PROBLEM: Would you output the lines from the one with "The Maharose Jacket" through the last line of the material below, exactly, but without pictures?

SUPPLIED DATA:

◇ ◇ ◇ ◇ ◇ ◇ ◇

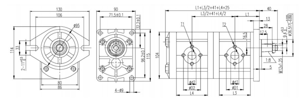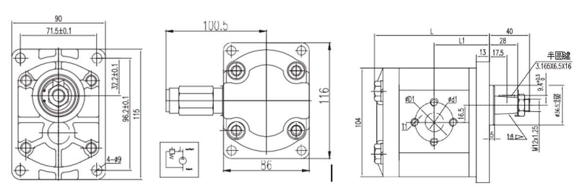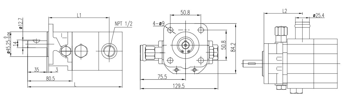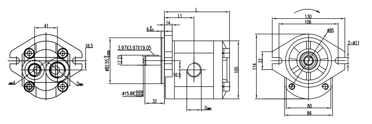 | Модель | Расход (мл/об) | Давление (бар) | Скорость (об/мин) | L | L1 | Впускное отверстие | Выпускное отверстие | |||||||
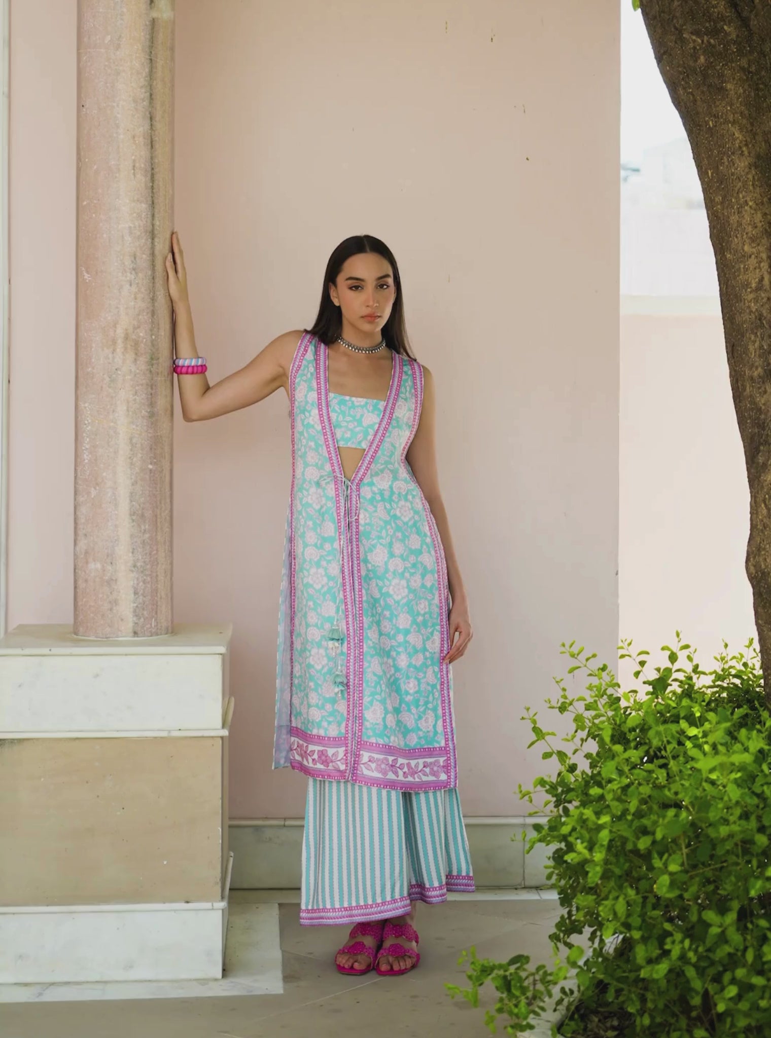 The Maharose Jacket Set In Teal Blue Features A Sleeveless Jacket In Printed Lawn With Bold Gadh Motifs, Contrast Geometric Borders, And Delicate Thread And Pearl Tassels That Tie At The Front. The Matching Bustier Mirrors The Same Print, While Wide-Leg Striped Pants Bring In Ease And Movement, Finished With A Contrast Hem. The Jacket’S High Side Slits Add Just The Right Amount Of Structure And Flair.
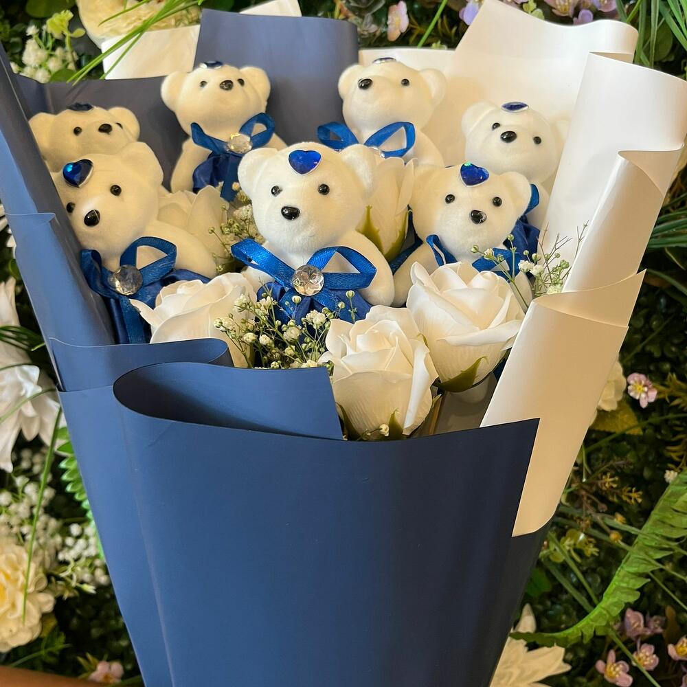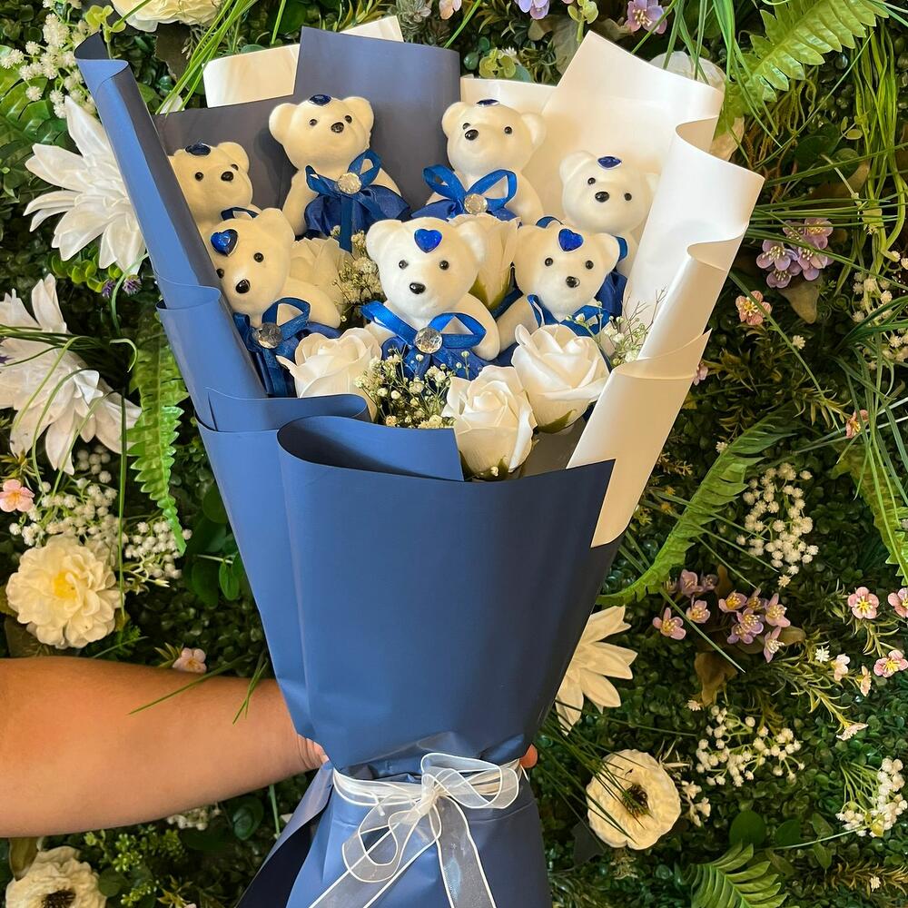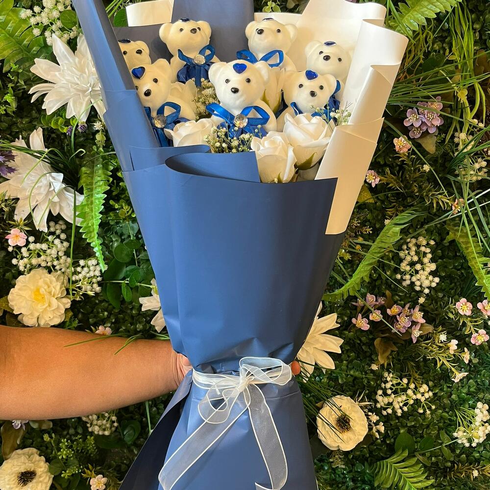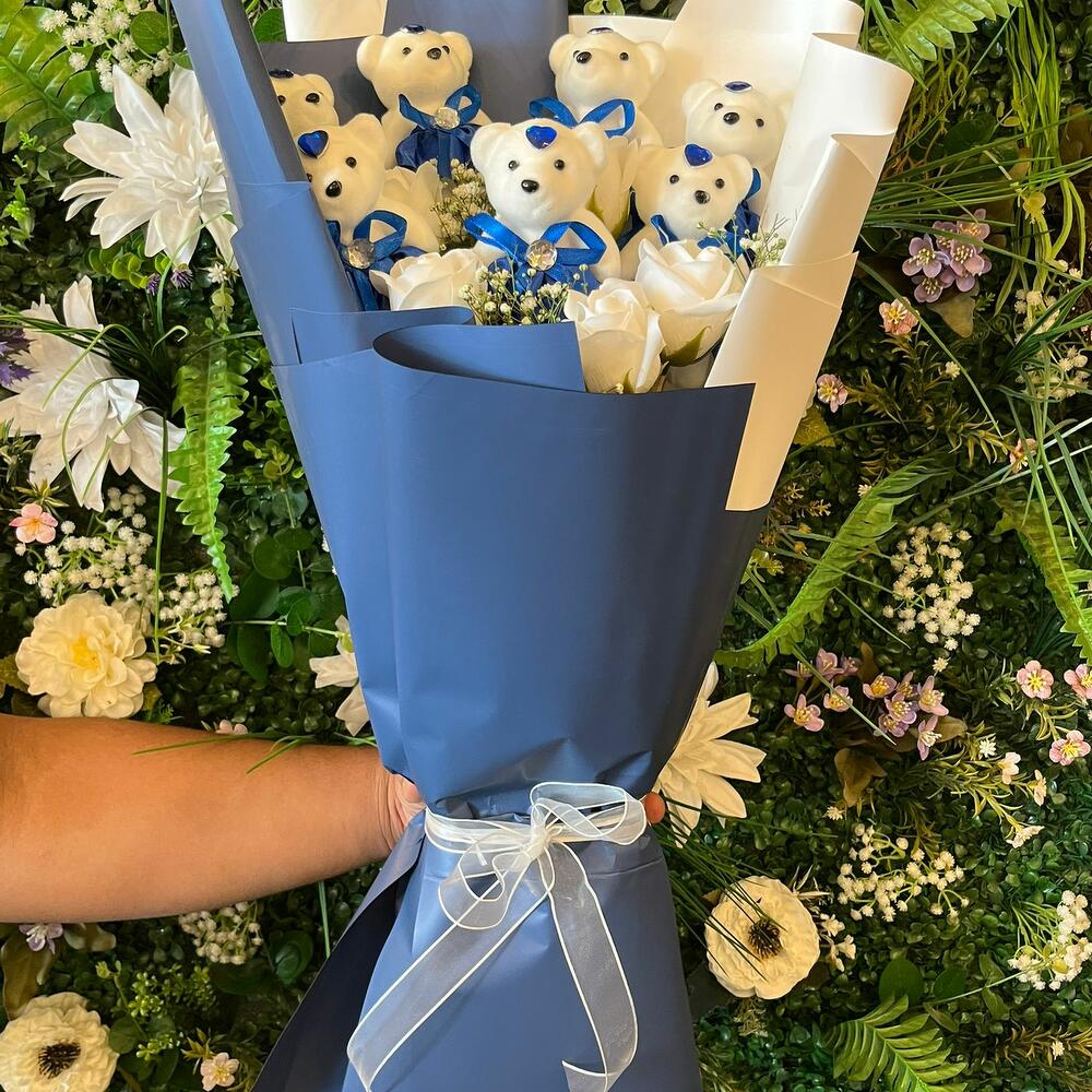 MEGA BOY BEYAZ GÜLLÜ MAVİ AYICIK BUKETİ

◇ ◇ ◇ ◇ ◇ ◇ ◇

REPLY TO THE EXERCISE:
 The Maharose Jacket Set In Teal Blue Features A Sleeveless Jacket In Printed Lawn With Bold Gadh Motifs, Contrast Geometric Borders, And Delicate Thread And Pearl Tassels That Tie At The Front. The Matching Bustier Mirrors The Same Print, While Wide-Leg Striped Pants Bring In Ease And Movement, Finished With A Contrast Hem. The Jacket’S High Side Slits Add Just The Right Amount Of Structure And Flair.
 MEGA BOY BEYAZ GÜLLÜ MAVİ AYICIK BUKETİ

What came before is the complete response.